The Ift88 hypomorph cobblestone displays multiple heart defects
Homozygous cbs mutant E14.5 (Figures 3, 4A to C) and E16.5 (Figure 4D to E) embryos were analyzed in detail using computer-generated three-dimensional reconstructions (Additional file 1) and serial sections (Figures 3, 4, Additional file 2) of the thorax and compared to their wild type littermates. The following defects were recorded. 1) Persistent truncus arteriosus (PTA) including absence of a ductus arteriosus (Figure 3E to G, Figure 4D, E, n = 4/5). 2) Transposition of the common trunk arising from the right ventricle (Figure 3E, F, Figure 4D, E, n = 4/5). 3) Failure of correct formation of the tracheoesophageal septum (common foregut tube, Figure 3B to G, Figure 4A, D to F, n = 5/5) results in esophageal atresia and a tracheoesophageal fistula at the tracheal bifurcation. 4) Bilateral hypoplasia of the lungs (Figure 4A to C, n = 5/5). 5) The lungs were supplied by a common trunk arising as the first branch of the common truncus arteriosus, giving rise to the right and left pulmonary arteries that descended anterior to the common foregut tube (Figure 3F, G, n = 4/5). 6) Abnormal origin of the right subclavian artery, arising as the fourth branch of the aortic arch and passing posterior to the common foregut tube (Figure 3E and Figure 4D (Arteria lusoria), n = 2/5). 7) Both atrial (Figure 4B, C, F) and ventricular septal defects (VSD, pars membranacea, Figure 4C, F, n = 5/5). 8) Gross enlargement of the pericardial sac (Figure 4C, F, n = 12/12). 9) Hypoplasia of the myocardium, resulting in smaller atria and ventricles (Figure 3A to C, n = 2/5). 10) A single case of a double aortic arch [see Additional file 2]. Cardiovascular defects observed were seen in all examined embryos between E14.5 and E16.5 (for example, AVSD, n = 5). Since 80% of the embryos die by E14.5 (n = 34 litters), and almost all by E16.5 (n = 25 litters), detailed examination of the heart defects at later stages proved impossible.

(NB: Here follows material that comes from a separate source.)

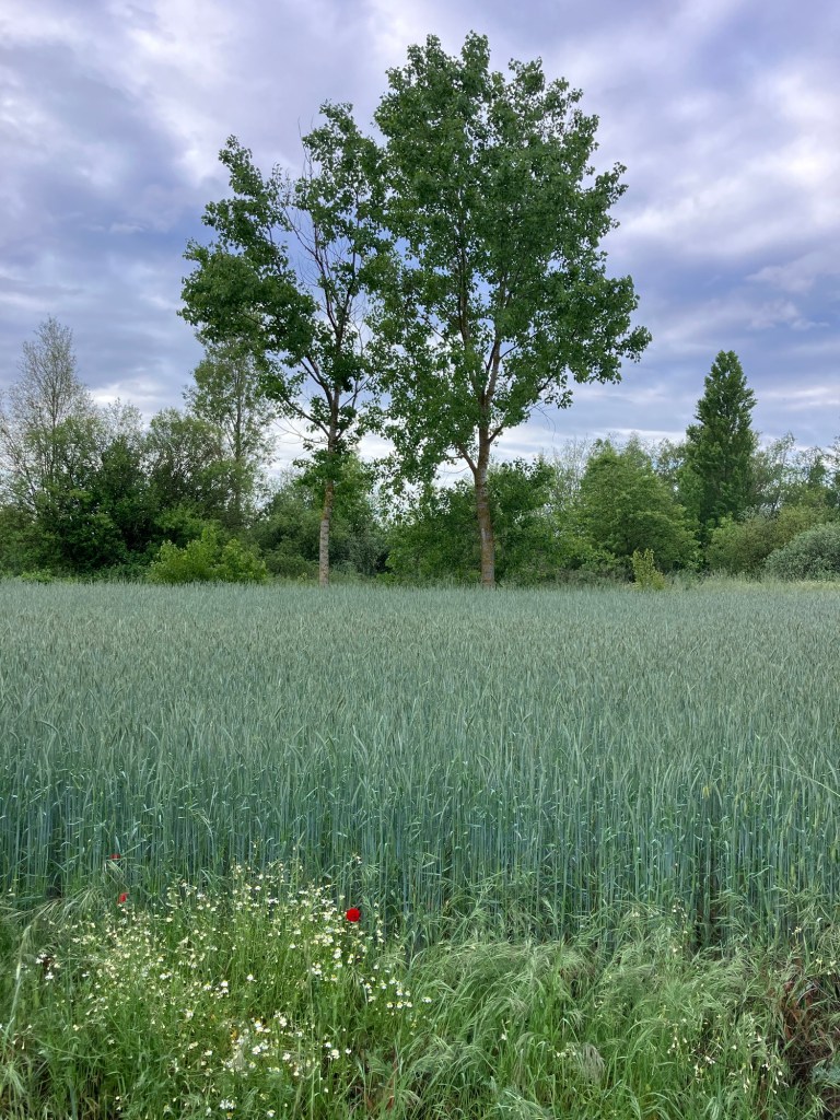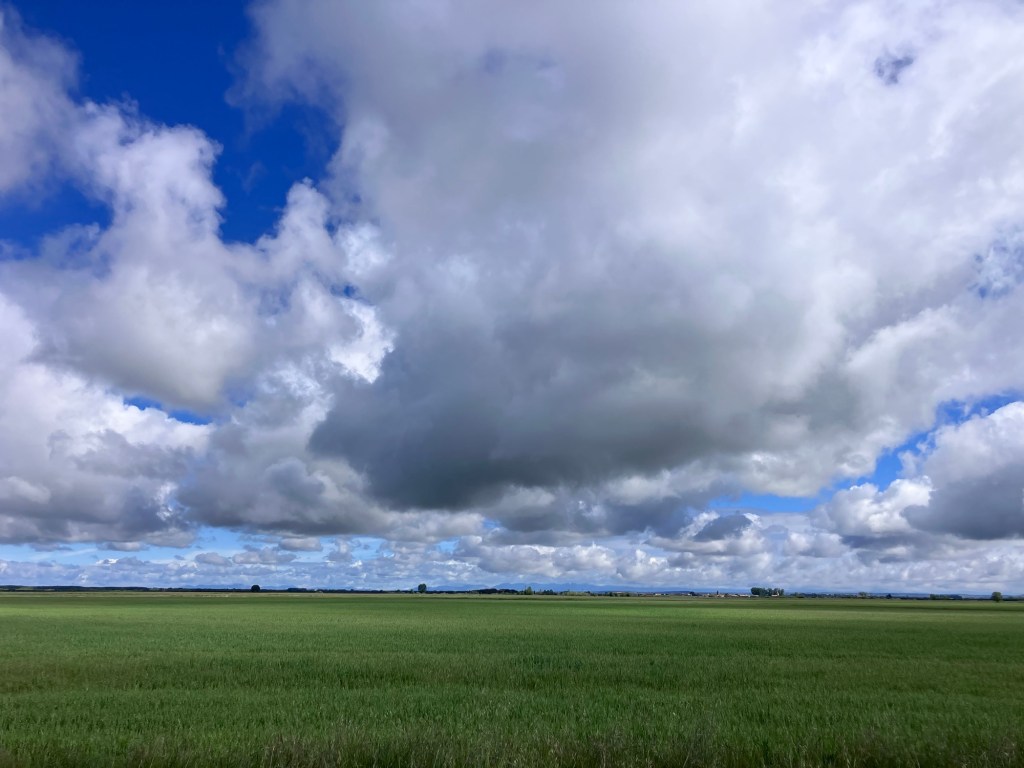 Back to the path, the long straight path…and the friendly greetings as people passed me: do you think we missed an arrow? Kia ora, I went to New Zealand, I loved it. (Someone who must have noticed the flag on my pack) Don’t miss the turn up here! Is it flat enough for you?

Primary cilia are deficient in the developing heart of the cbs mutant
Many reports of mouse mutants with defects in ciliary proteins have reported either a loss of (for example, [35]) or morphological abnormalities (for example, [36]) in the cilia. In order to investigate the presence of primary cilia in the developing heart, we labeled the ciliary axoneme with an antibody against acetylated α-tubulin and the basal body with an antibody recognizing γ-tubulin. We observed a substantial loss of primary cilia in both the atrioventricular endocardial cushions (Figure 2A, D, 48.1 ± 10.1% reduction, n = 3, P <0.01, Student’s t test) as well as the pericardium (Figure 2F, 36.0 ± 12.0% reduction, n = 5, P <0.001, Student’s t test) of E12.5 heart, expressed as the number of cells with identifiable primary cilia per 1000 μm2. To account for differences in cell density between wild type and mutant embryos, DAPI-stained nuclei were counted and found to be identical (endocardial cushions: wild type: 18.7 ± 2.3 cells/1000 μm2; cbs/cbs: 19.5 ± 3.4 cells/1000 μm2, n = 10, P >0.5). High magnification imaging of the primary cilia remaining in the cbs mutant appeared normal (Figure 2B), using antibodies recognizing Arl13b to mark the ciliary axoneme [36] and γ-tubulin to mark the basal bodies. In both the endocardial cushions as well as the pericardium, a reduction in the number of primary cilia was accompanied by an increase in the number of cells bearing basal bodies with no adjacent acetylated α-tubulin-positive ciliary axoneme (Figure 2A, E, G). These findings indicate that the fraction of cells bearing cilia decreased in the population, leading to an increase in the fraction of unciliated cells, with basal bodies but no ciliary axoneme. To see if the loss of cilia was accompanied by a change in proliferation, we employed an antibody that recognizes phosphorylated-histone H3, which becomes phosphorylated specifically during mitosis [37]. We observed a 48.2 ± 10.4% reduction in the number of mitotic cells (Figure 2C, F, n = 3, P <0.001, Student’s t test) in the endocardial cushions. We did not observe any PH3-positive cells bearing cilia in either wild type or mutant hearts.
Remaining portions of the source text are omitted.